Besure to bookmark this site..

Manuals and User guides for many.many items...
Just never know when you need one or you can't find the one you had. 

http://www.theusermanualsite.com/


==============


fibertech said:


> Thanks guys. The pdf is printing away. Looks like this will help me learn. -Derek


----------



## fibertech (May 7, 2005)

You know, Bob. I was going to ask how you do it? It is a very small percentage of questions and requests that get by you. I wish that I had the time. My employer (at&t), is changing my hours and should give me many glorious Pacific Northwest afternoons to get some projects going. Am I correct to assume that you are comfortably retired ( a position about 10 or 12 years away for me)? I hope that I can put as much time and pleasure into my hobby to come. BTW, we started an ill- fated drive to nominate Harry as our official Photo Fanatic. I think you should be our Official Librarian. I mean this with all due respect. -Derek


----------



## bobj3 (Jan 17, 2006)

Thanks Derek

AS you know the Web is a big,big, very big library and google is the indexer/Librarian,,,

Along time ago I found ouit how to find things on the Net with googles help.
it's like the define: command in google search window , tons of info with just one click.

e.g. define: USB
http://www.google.com/search?hl=en&q=define:+USB&btnG=Google+Search

No one can know it all but google may, and I just use them all the time..

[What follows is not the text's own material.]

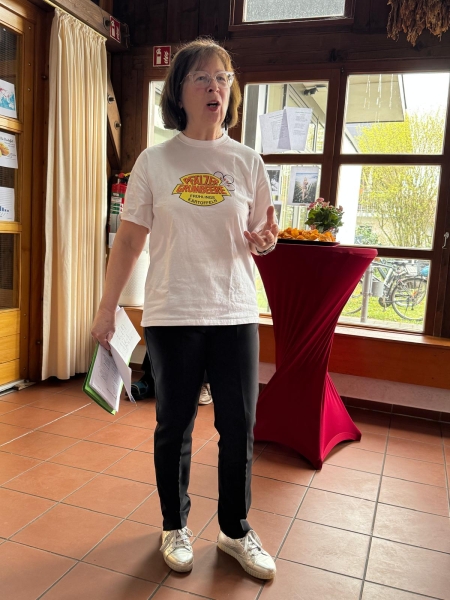 KHV-Mitglied Gisela Horix, diplomierte Agraringenieurin, präsentierte locker-flockig Daten, Zahlen und Fakten über die etwa 5000 heute weltweit bekannten Kartoffelsorten. Die Expertin ließ damit die Gäste ein ums andere Mal staunen. Jeder Tisch durfte zwischen den einzelnen Gängen die 15 Rätselfragen zum Thema auf einem Blatt Papier lösen. Jeder und jede am schnellsten Tisch ergatterte als Lohn einen großen Beutel Kartoffel.
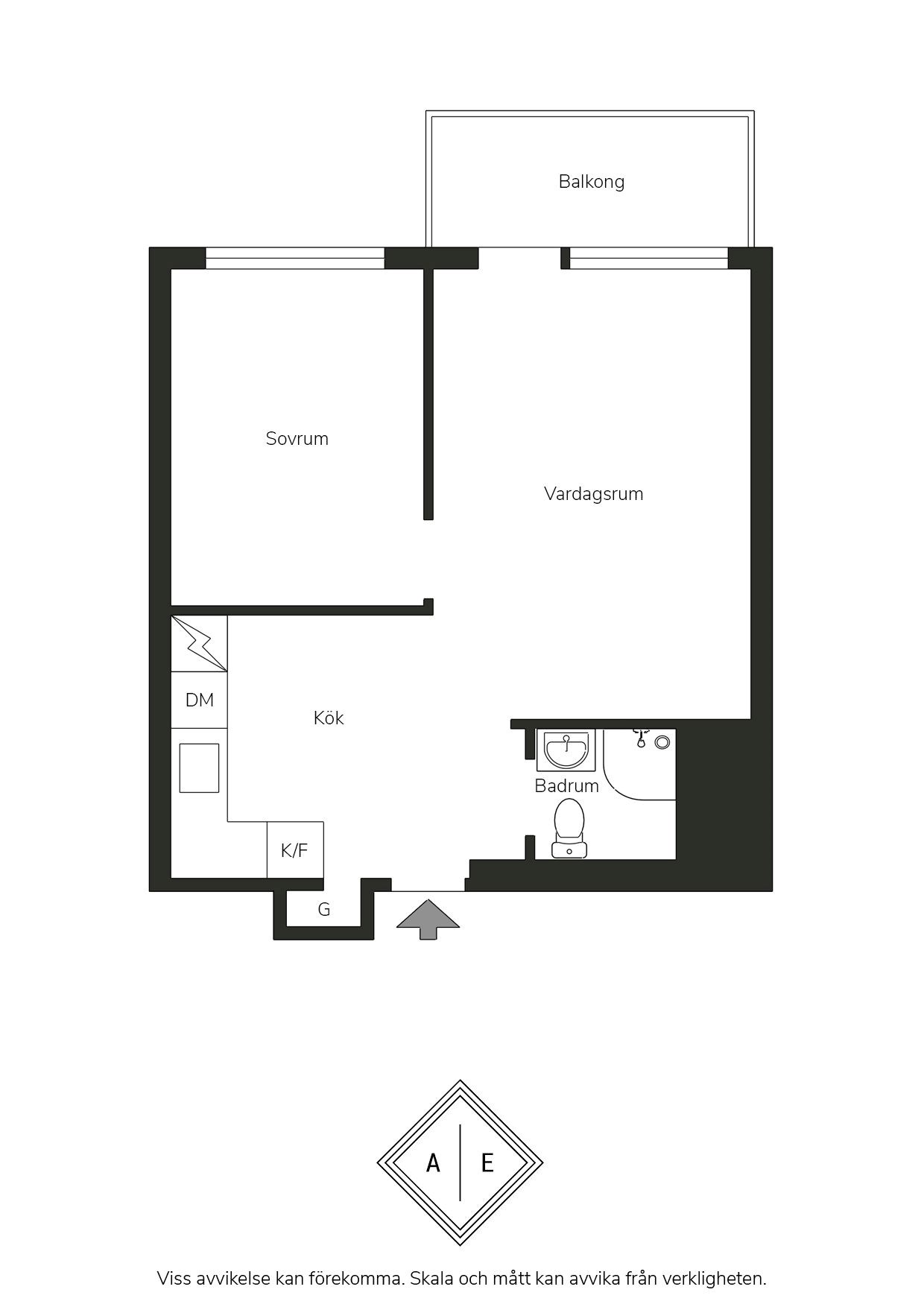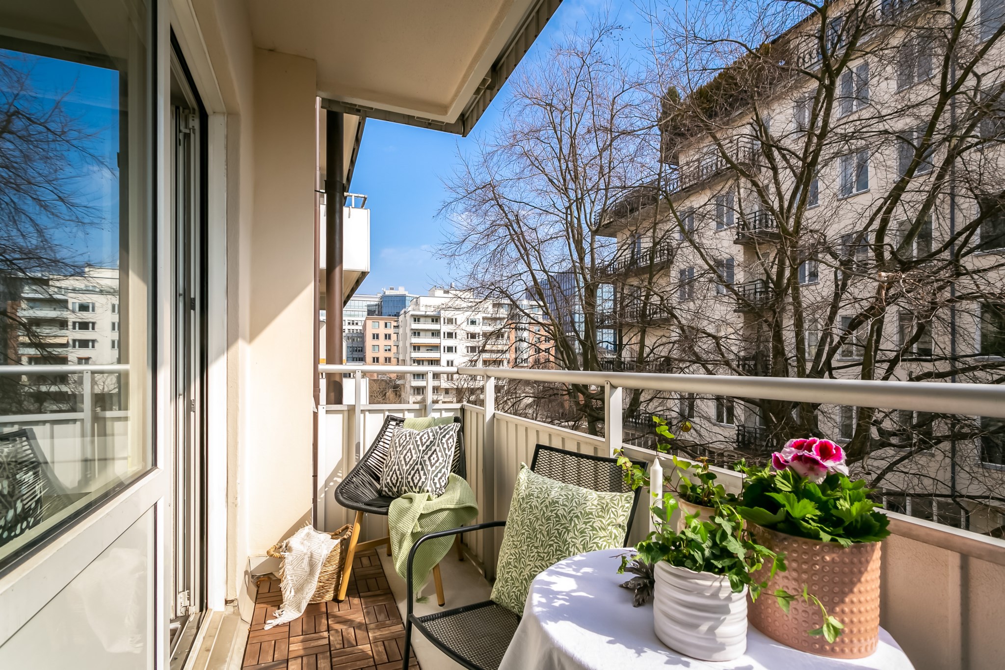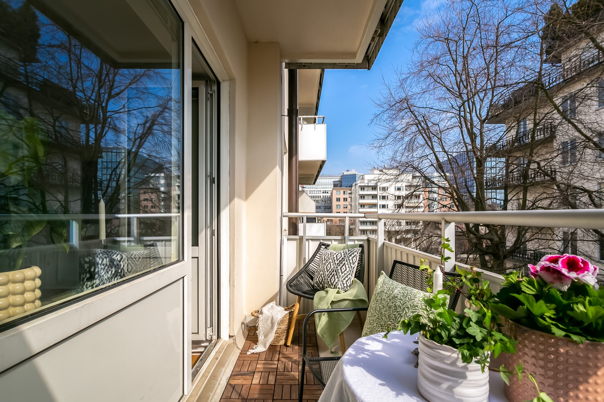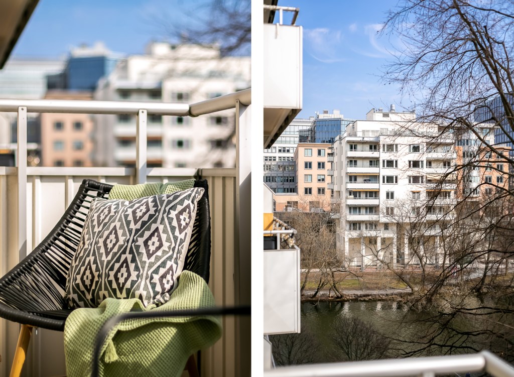 Till lägenheten hör en balkong. Här finns plats för bord och stolar, planteringar samt övrigt önskat möblemang.

Just a small note about google, they are going into the data base on this forum all the time diging,diging adding info to the master google data base
plus many other search eng. like Ask Jeeves Spider, Google Spider, do the same....

http://www.routerforums.com/online.php

=======

=========


----------



## AxlMyk (Jun 13, 2006)

I got to the end of the Internet once. Had to use Google to find my way back to the beginning.


----------



## bobj3 (Jan 17, 2006)

Hi Mike

I didn't know there was a end to the Internet it's so Big,,,,It has always amazed me that anyone can go into every library in the world with just a click or two of the mouse.. 

Some will say I don't like the new world of the NET but at no time in mans history has he had so much info at his finger tips...amazing days we live in now.. 

The one I like best is the one below
*Library* Of Congress
http://www.loc.gov/index.html?gclid=CNzOvvfErZICFRkNIgodam6KMA
=======


----------